When you repeat the listing below, keep every word exactly and leave out each picture.
-------------------------
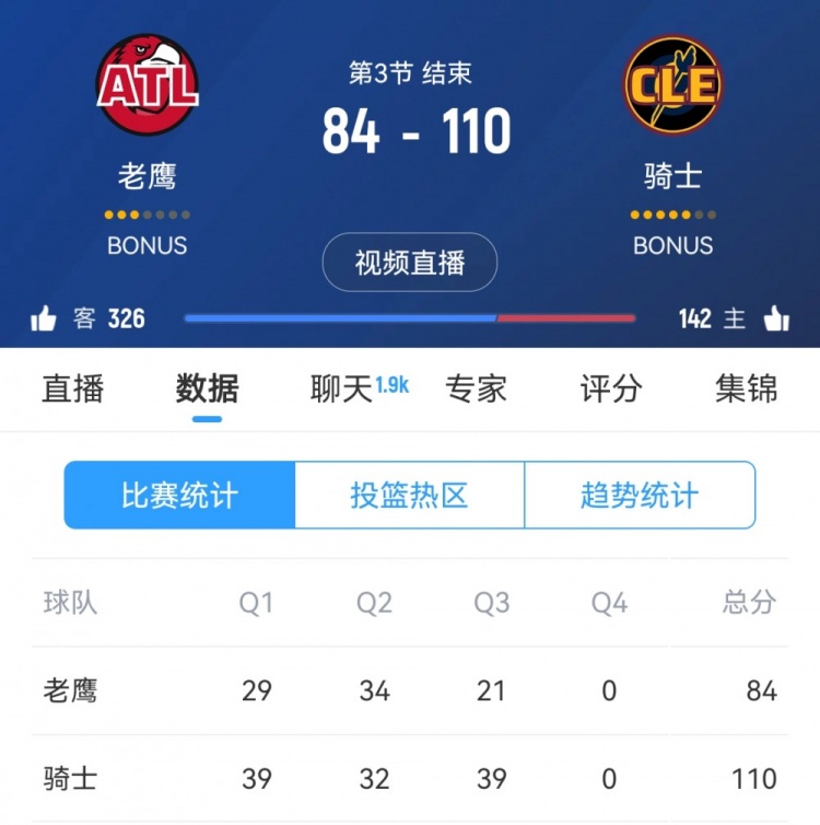 1月31日訊 NBA常規(guī)賽,騎士三節(jié)110-84領(lǐng)先老鷹。
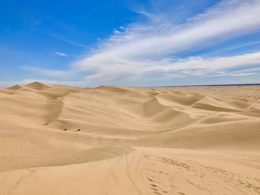 Very cool sand dunes in a spot that you wouldn't necessarily expect them. There are facilities here, and a large parking lot, so RVs will be able to turn around. This spot does a lot, but doesn't do any of it great--probably because it's heavily used. The motorcycle, SxS, utv, and atv crews use this area heavily, so be aware that an afternoon picnic will be be punctuated by the buzzsaw drone of those machines as they jump off of the dunes and do donuts. Sound carries quite far as there's nothing to block or muffle music or conversations, so be cognizant of those around you. A stereo that's cranked may be enjoyable to you, but perhaps not so much for those that are almost a mile away. I love me some Kendrick Lamar, but it's not appropriate for the four year old in the group walking on the next dune over. Because this area is so heavily used, there's also a lot of broken glass and litter scattered around, so although you want to take your shoes off and enjoy the hot sand, be mindful that there may be bottle tops or broken bottles (we picked up numerous). In short, please recognize that this is public land. Please take care of it and respect your neighbors that are...
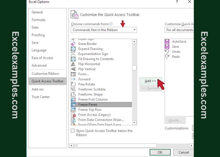 - Under Choose commands from, select Commands Not in the Ribbon.
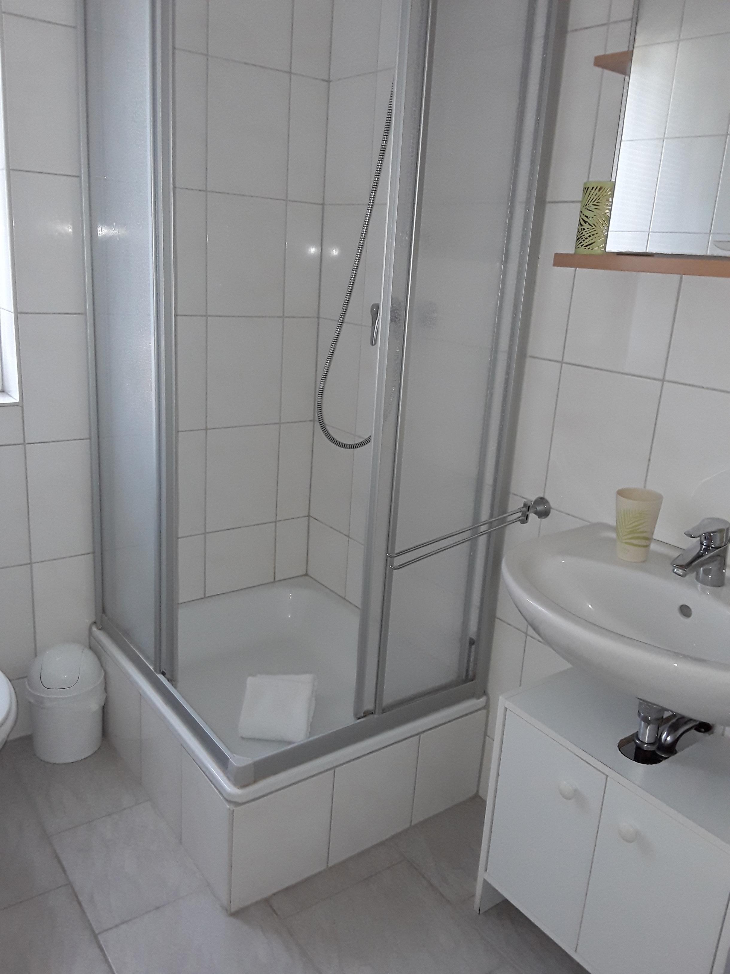 Unser Apartment hat ein schönes Bad mit Dusche, eine komplett ausgestattete Küche. Im Wohnzimmer steht eine Schlafcouch für 2 Personen. Dieses Apartment verfügt über eine eigene Terrasse. Terrassenmöbel und Sonnenschirme stehen incl. zur Verfügung. In den Schlafzimmern finden Sie ein kuschliges Doppel- und Einzelbett. Für die Strandausflüge haben wir auch einen Bollerwagen für Sie. Und für die etwas kühleren Tage verfügt unser Apartment über eine individuell regelbare Heizung. Für die kleinen Gäste stehen ein Kinderhochstuhl und Spielsachen bereit. Für Ihr Auto steht ein Stellplatz auf dem Grundstück zur Verfügung.
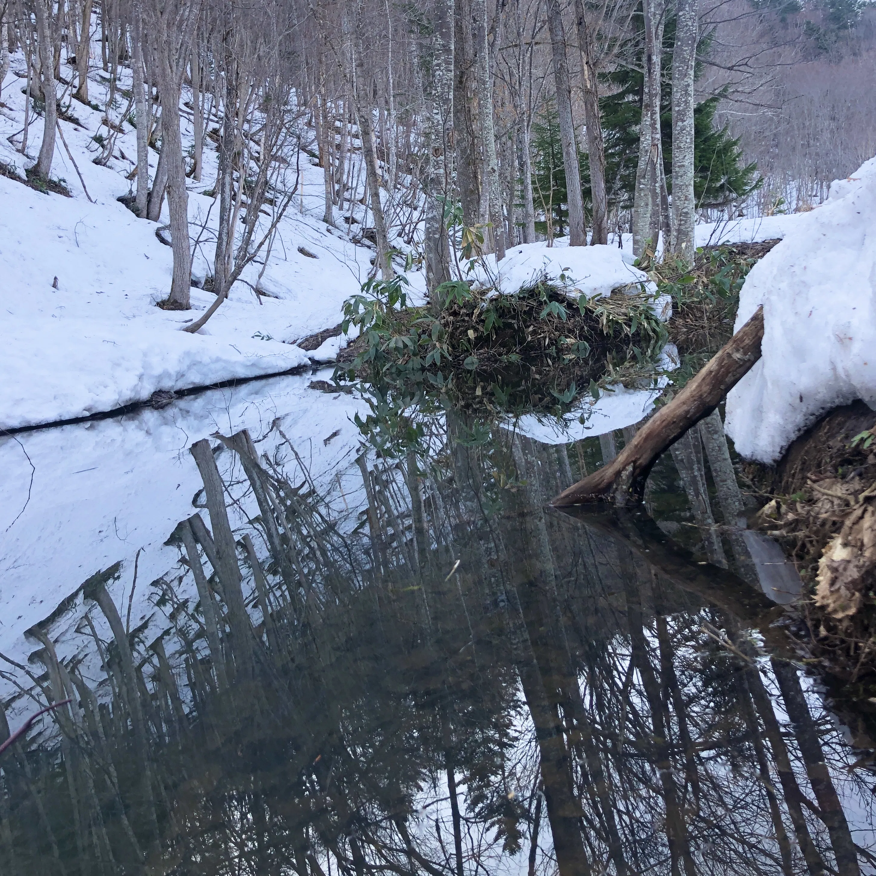 4月に入ってからは、雪解けが進み水路に小さな沢ができています。
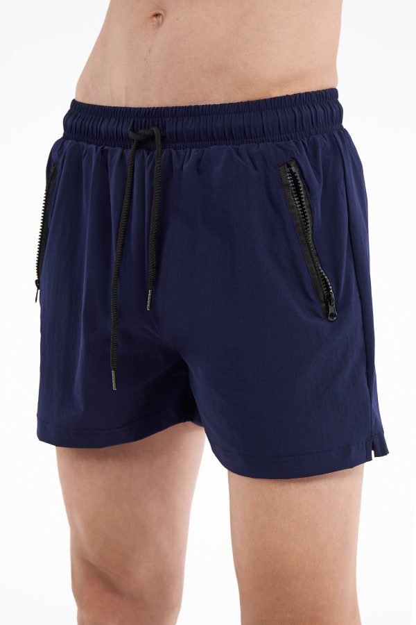 A must-have for your casual wardrobe, offering both style and practicality. These pants in dark blue feature side and back pockets, an elastic waistband, and adjustable drawstrings for a personalized fit. Model is 1,87cm tall and wearing a size M
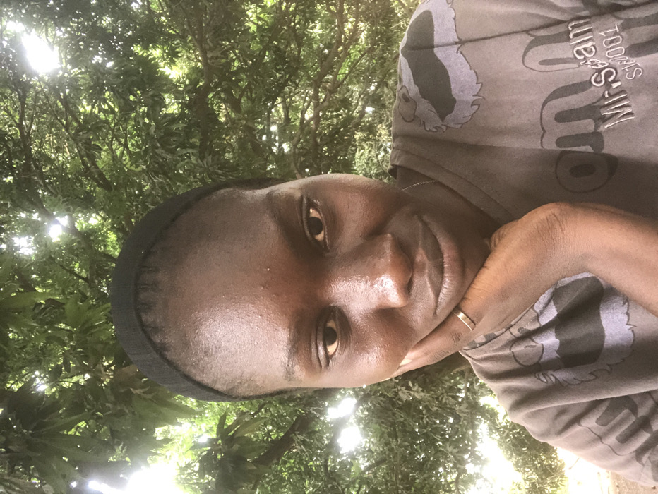 A headshot-style image depicts an adult female outdoors in Ninzo South, Nigeria. The subject has a dark complexion, is wearing a black headband, and a dark grey t-shirt with light grey patterns and partially visible text "Mr. Spam S/W 001." A plain gold-colored band ring is present on her left ring finger. Her left hand is raised, with fingers visible, supporting her chin. She maintains direct eye contact with the camera. The background consists entirely of dense green tree foliage, with bright sunlight filtering through the leaves, indicating an outdoor setting under a canopy.
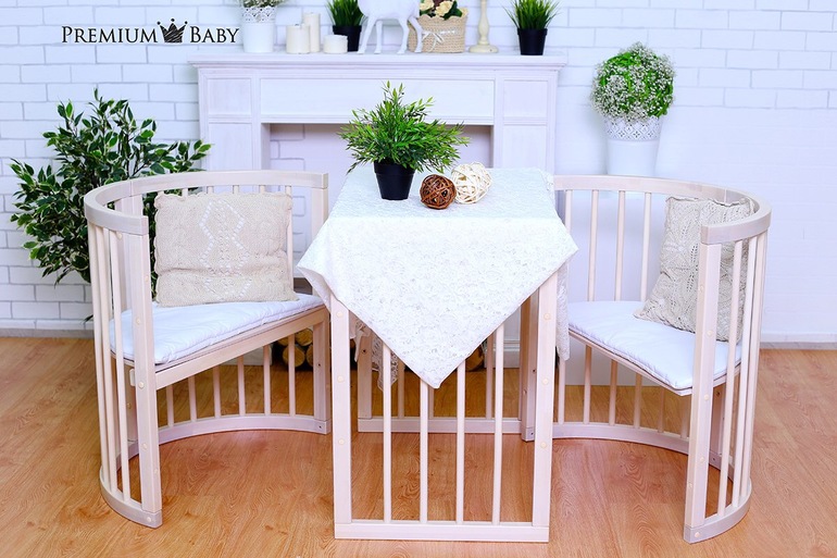 Каждый родитель хочет выбрать лучшее к рождению своего малыша. Детская коллекция PremiumBaby - именно то, что вы искали.. Кроватка - трансформер PremiumBaby - это бесподобный стиль, невероятная функциональность и отличное качество. .Кроватка хороша тем, что не имеет острых и прямых углов это гарантирует полную безопасность Вам и вашему малышу. Она легко трансформируется: в люльку для новорожденного, овальную кроватку, манеж, диванчик, рабочий стол и 2 стульчика.
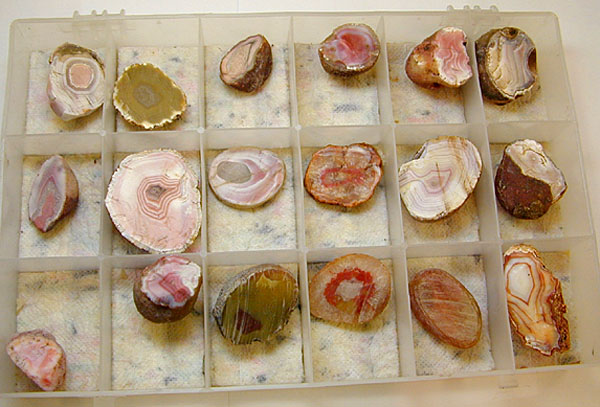 A nice colourful diplay of polished agate pieces from Ennis' Collection
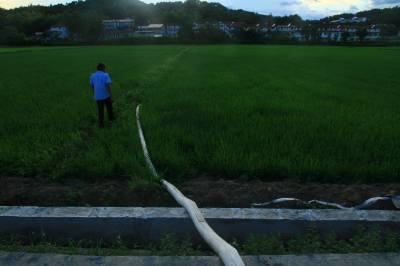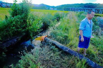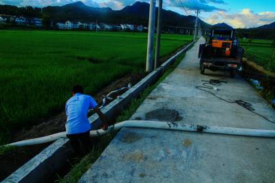 湖北英山:抗旱抽水灌溉忙 2025年7月21日,湖北英山县满溪坪良种场工作人员正在为600亩中稻田抽水灌溉。眼下正是中稻生产关键时机,为克服连日来高温天气带来的不利影响,确保水稻丰产丰收,该场及时组织调配抗旱机械,缓解满溪坪大畈旱情,开展抗旱保墒,确保粮食安全。
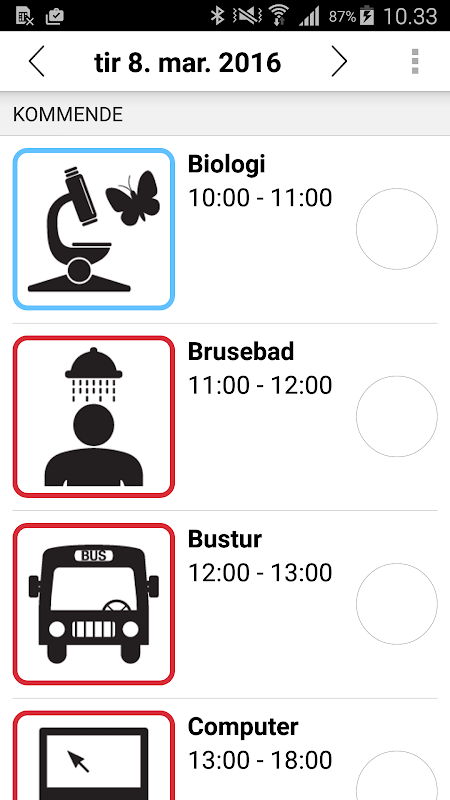 I DayTimer Family indstilles aktiviteterne og visningen til hvert familiemedlem, fx ikonstørrelser, aktivitetsure, færdig-knapper og mængden af information.
-------------------------
EXERCISE RESPONSE —
 1月31日訊 NBA常規(guī)賽,騎士三節(jié)110-84領(lǐng)先老鷹。
 Very cool sand dunes in a spot that you wouldn't necessarily expect them. There are facilities here, and a large parking lot, so RVs will be able to turn around. This spot does a lot, but doesn't do any of it great--probably because it's heavily used. The motorcycle, SxS, utv, and atv crews use this area heavily, so be aware that an afternoon picnic will be be punctuated by the buzzsaw drone of those machines as they jump off of the dunes and do donuts. Sound carries quite far as there's nothing to block or muffle music or conversations, so be cognizant of those around you. A stereo that's cranked may be enjoyable to you, but perhaps not so much for those that are almost a mile away. I love me some Kendrick Lamar, but it's not appropriate for the four year old in the group walking on the next dune over. Because this area is so heavily used, there's also a lot of broken glass and litter scattered around, so although you want to take your shoes off and enjoy the hot sand, be mindful that there may be bottle tops or broken bottles (we picked up numerous). In short, please recognize that this is public land. Please take care of it and respect your neighbors that are...
 - Under Choose commands from, select Commands Not in the Ribbon.
 Unser Apartment hat ein schönes Bad mit Dusche, eine komplett ausgestattete Küche. Im Wohnzimmer steht eine Schlafcouch für 2 Personen. Dieses Apartment verfügt über eine eigene Terrasse. Terrassenmöbel und Sonnenschirme stehen incl. zur Verfügung. In den Schlafzimmern finden Sie ein kuschliges Doppel- und Einzelbett. Für die Strandausflüge haben wir auch einen Bollerwagen für Sie. Und für die etwas kühleren Tage verfügt unser Apartment über eine individuell regelbare Heizung. Für die kleinen Gäste stehen ein Kinderhochstuhl und Spielsachen bereit. Für Ihr Auto steht ein Stellplatz auf dem Grundstück zur Verfügung.
 4月に入ってからは、雪解けが進み水路に小さな沢ができています。
 A must-have for your casual wardrobe, offering both style and practicality. These pants in dark blue feature side and back pockets, an elastic waistband, and adjustable drawstrings for a personalized fit. Model is 1,87cm tall and wearing a size M
 A headshot-style image depicts an adult female outdoors in Ninzo South, Nigeria. The subject has a dark complexion, is wearing a black headband, and a dark grey t-shirt with light grey patterns and partially visible text "Mr. Spam S/W 001." A plain gold-colored band ring is present on her left ring finger. Her left hand is raised, with fingers visible, supporting her chin. She maintains direct eye contact with the camera. The background consists entirely of dense green tree foliage, with bright sunlight filtering through the leaves, indicating an outdoor setting under a canopy.
 Каждый родитель хочет выбрать лучшее к рождению своего малыша. Детская коллекция PremiumBaby - именно то, что вы искали.. Кроватка - трансформер PremiumBaby - это бесподобный стиль, невероятная функциональность и отличное качество. .Кроватка хороша тем, что не имеет острых и прямых углов это гарантирует полную безопасность Вам и вашему малышу. Она легко трансформируется: в люльку для новорожденного, овальную кроватку, манеж, диванчик, рабочий стол и 2 стульчика.
 A nice colourful diplay of polished agate pieces from Ennis' Collection
 湖北英山:抗旱抽水灌溉忙 2025年7月21日,湖北英山县满溪坪良种场工作人员正在为600亩中稻田抽水灌溉。眼下正是中稻生产关键时机,为克服连日来高温天气带来的不利影响,确保水稻丰产丰收,该场及时组织调配抗旱机械,缓解满溪坪大畈旱情,开展抗旱保墒,确保粮食安全。
 I DayTimer Family indstilles aktiviteterne og visningen til hvert familiemedlem, fx ikonstørrelser, aktivitetsure, færdig-knapper og mængden af information.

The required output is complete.